MANILA, Philippines – The Trade Union Congress of the Philippines (TUCP) is urging the government to consult the labor sector on the Corporate Income Tax and Incentives Rationaliization Act (CITIRA).
The workers said to dismiss job loss and capital flight as ordinary and temporary consequences of CITIRA is the height of insensitivity of President Duterte’s economic managers.
“Creating more jobs and retaining existing ones should be the centerpiece of any economic reform.

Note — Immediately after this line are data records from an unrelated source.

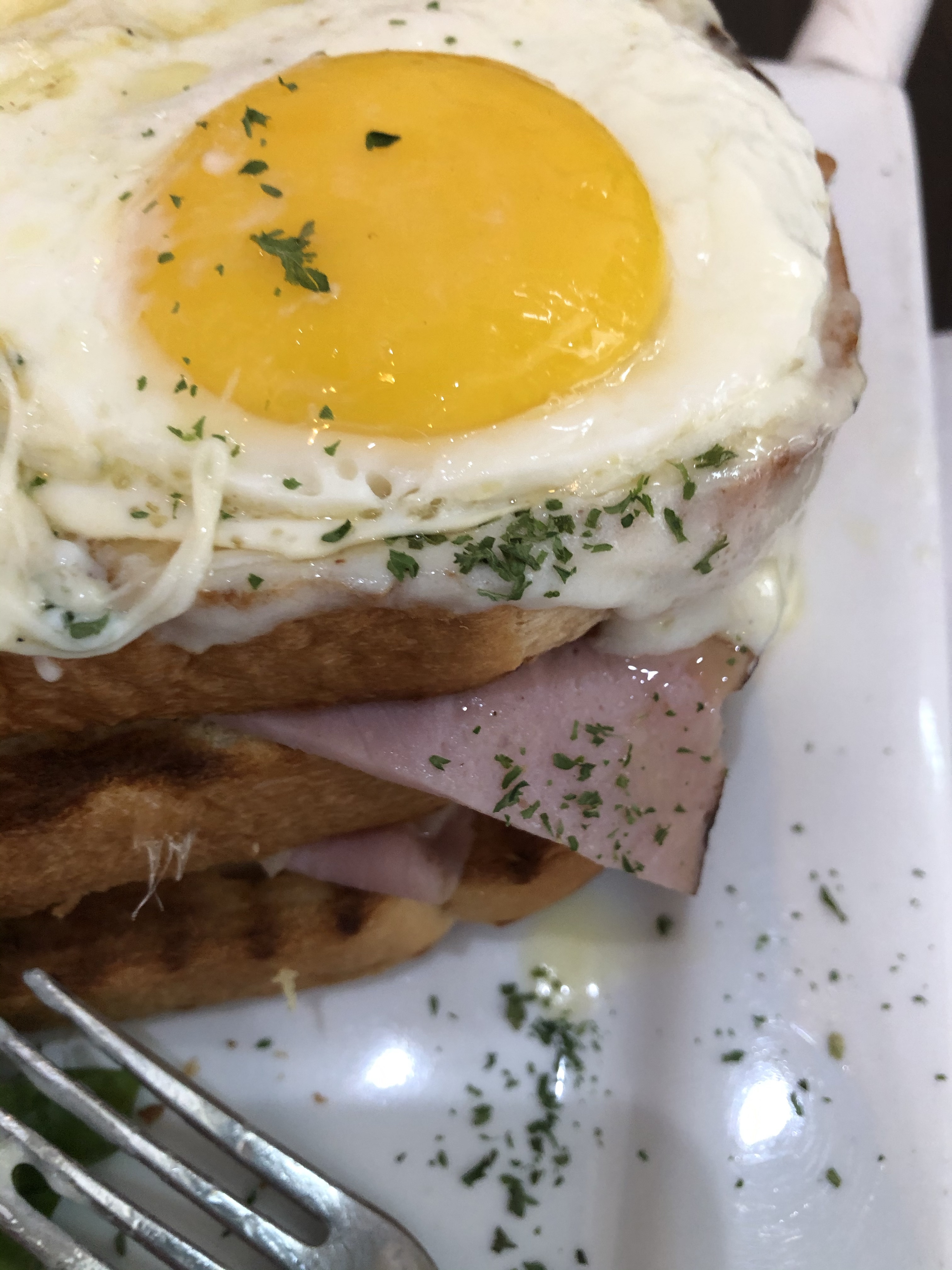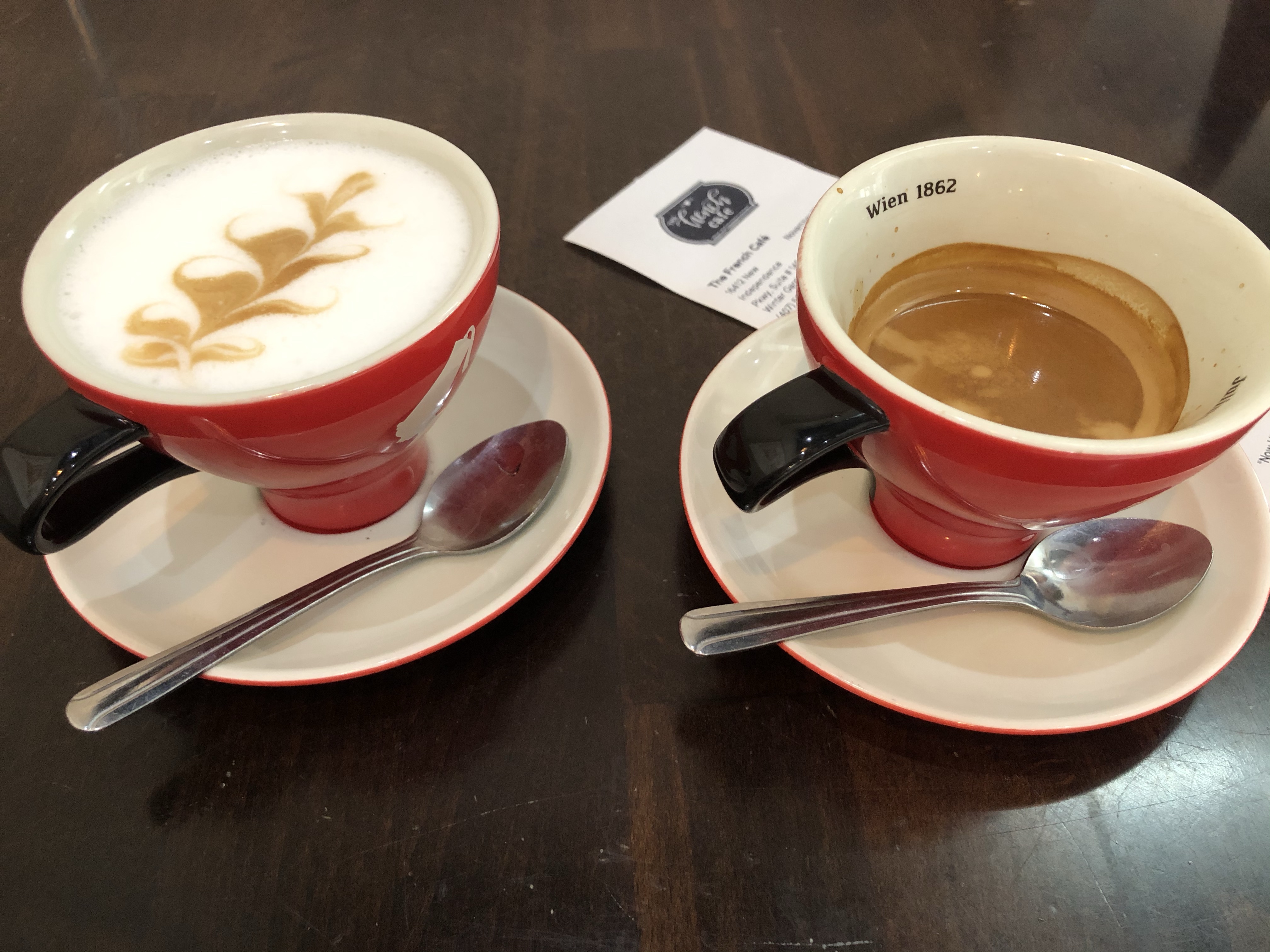 Erik and I both ordered the croque madame. When you can get a good one, there is nothing better. We were both pleasantly surprised by the size and quality of the “sandwich”. It actually had three layers of bread and LOTS of ham. I couldn’t finish mine, but for a rare change, Erik was actually full and satisfied with his brunch. Our sandwiches came with a side arugula salad with a vinaigrette dressing. We were also happy with the quality of coffee beverages. Erik almost always orders a double shot of espresso and I am all about the lattes. It was a great meal and we were both very pleased! We highly recommend that you check The French Cafe and order the croque madame!
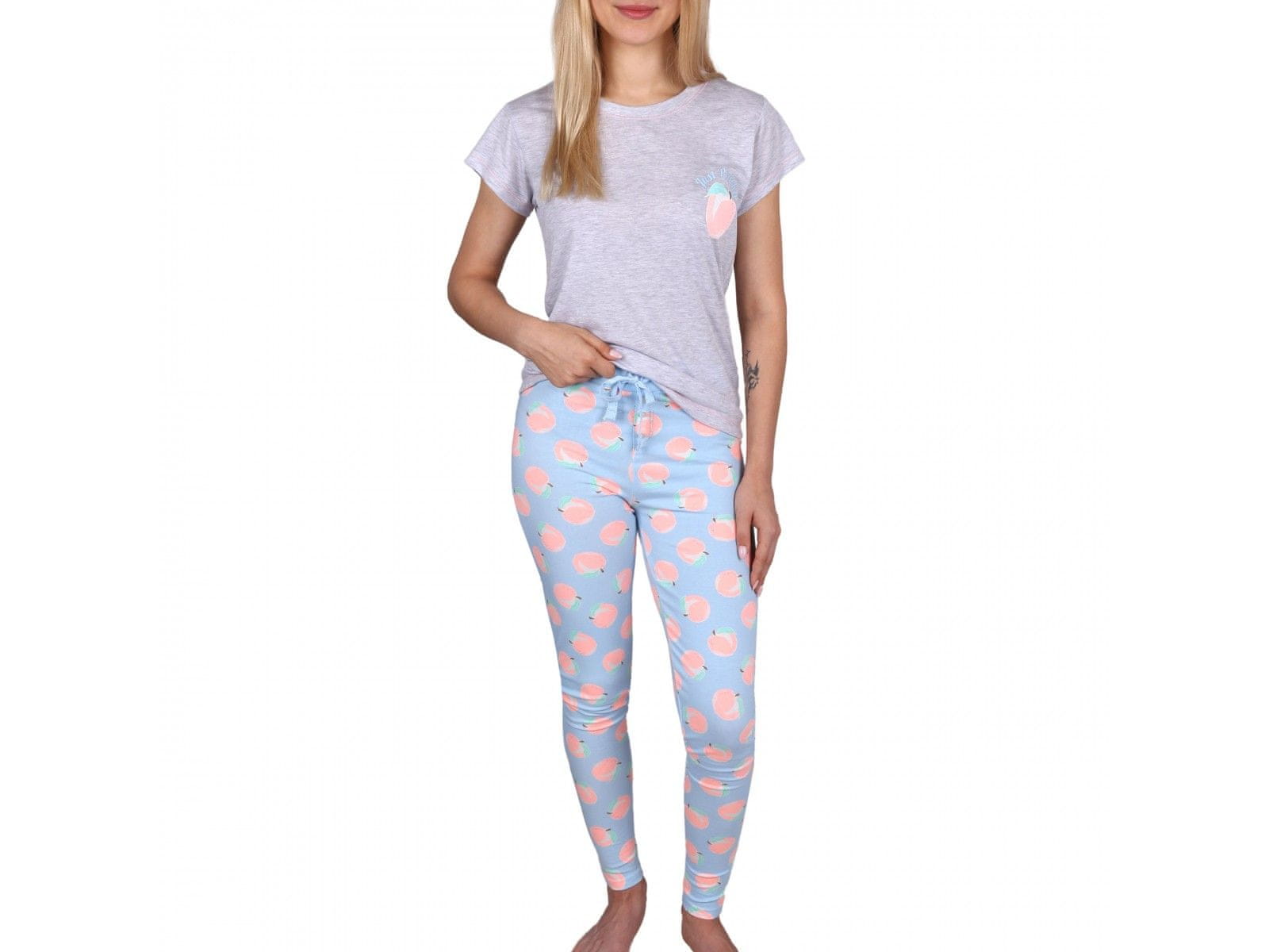 sarcia.eu Ženska pižama v sivi in modri barvi, breskve, dolge hlače S
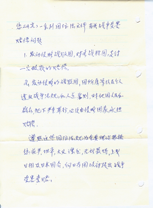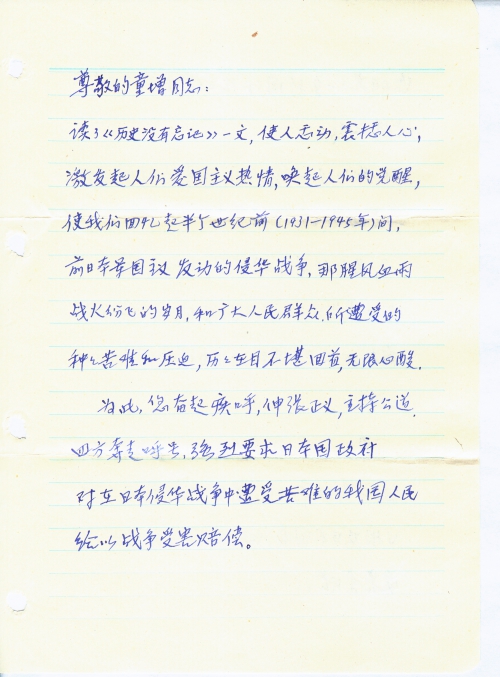遵照这些国际法规为重要理论根据,您庄严、坦率、大义凛然,无所畏惧,上书日相及日本国会,向日本国政府提出战争受害索赔。您的卓越胆识,豪迈气概,显示出伟大的中国人民威武不屈的顽强精神,令人钦佩。
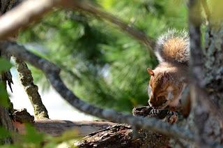 Ecological notes: The squirrel was eating a walnut from our tree. This has definitely been a bumper year for walnuts and a red squirrel (Tamiasciurus hudsonicus) has been fiercely defending it, trying in vain to fend off the grays from stealing a snack.
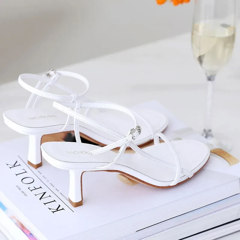 Women Sandals High Low Heels white Black Comfortable Stiletto Shoes
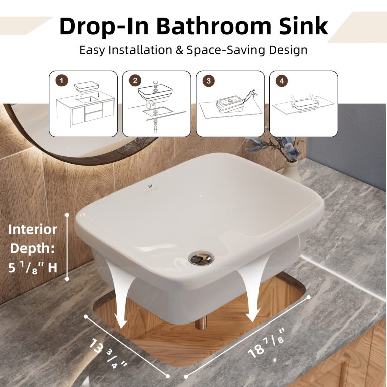 The Los Flexi 20″L x 15″W Drop-In Bathroom Sink features a sleek rectangular design with thin edges and a curved bowl, adding elegance to any bathroom. Made from premium glossy white vitreous china, this semi-recessed sink is resistant to scratches, stains, and water buildup, ensuring durability and minimal maintenance. Its efficient drainage system, featuring a central drain hole and a carefully designed slope, prevents clogging and reduces splashing for a cleaner experience. Safety is enhanced with rounded edges, making it suitable for households with children or elderly members. This modern sink comes with a complete installation package, including a pop-up drain, ensuring a hassle-free setup and a stylish upgrade for your bathroom.

It should not just be about blind compliance to World Bank prescriptions,” TUCP said in a statement before the weekend.
The labor group recalled the hardships TRAIN 1 brought to the lives of minimum wage earners, who were sideswiped by the value added tax (VAT) and excise taxes that increased inflation.
TUCP also cited the sacrifice of 1.5 million Filipino rice farmers after implementation of the rice tariffication law that was intended to lower rice prices.
The workers warned the people that the government’s latest tax measure could result in job losses despite the supposed provision of a P500-million safety net.
The Department of Trade and Industry (DTI) said a worse case scenario would have affected companies transfer to Vietnam and Indonesia, with some 900,000 jobs lost.
The economic managers are so focused on the books, they do not know that workers are humans and not robots in assembly lines, TUCP said.
Instead of rushing to pass CITIRA, the DTI, Department of Finance (DOF), National Economic and Development Authority and Department of Labor and Employment (DOLE) should tell the people what jobs would be affected by the new law.
The Joint Foreign Chambers of Commerce have warned that 120,000 direct hire jobs will be lost and that 580,000 indirect hire jobs will go down the drain.
That means 700,000 workers and their families would be affected by the CITIRA.
The seven million workers who are indirectly hired because they are part of the supply chain of these locators would also be affected.
Instead of steamrolling the passage of CITIRA, the DOF should take a second look at the issues of the proposed reforms and generate simulations and employment impact studies as to what jobs may be lost.
Sequencing is key to any workable policy reform, the labor group said, adding DOF and DOLE must do the hard numbers with both business and labor sectors on board.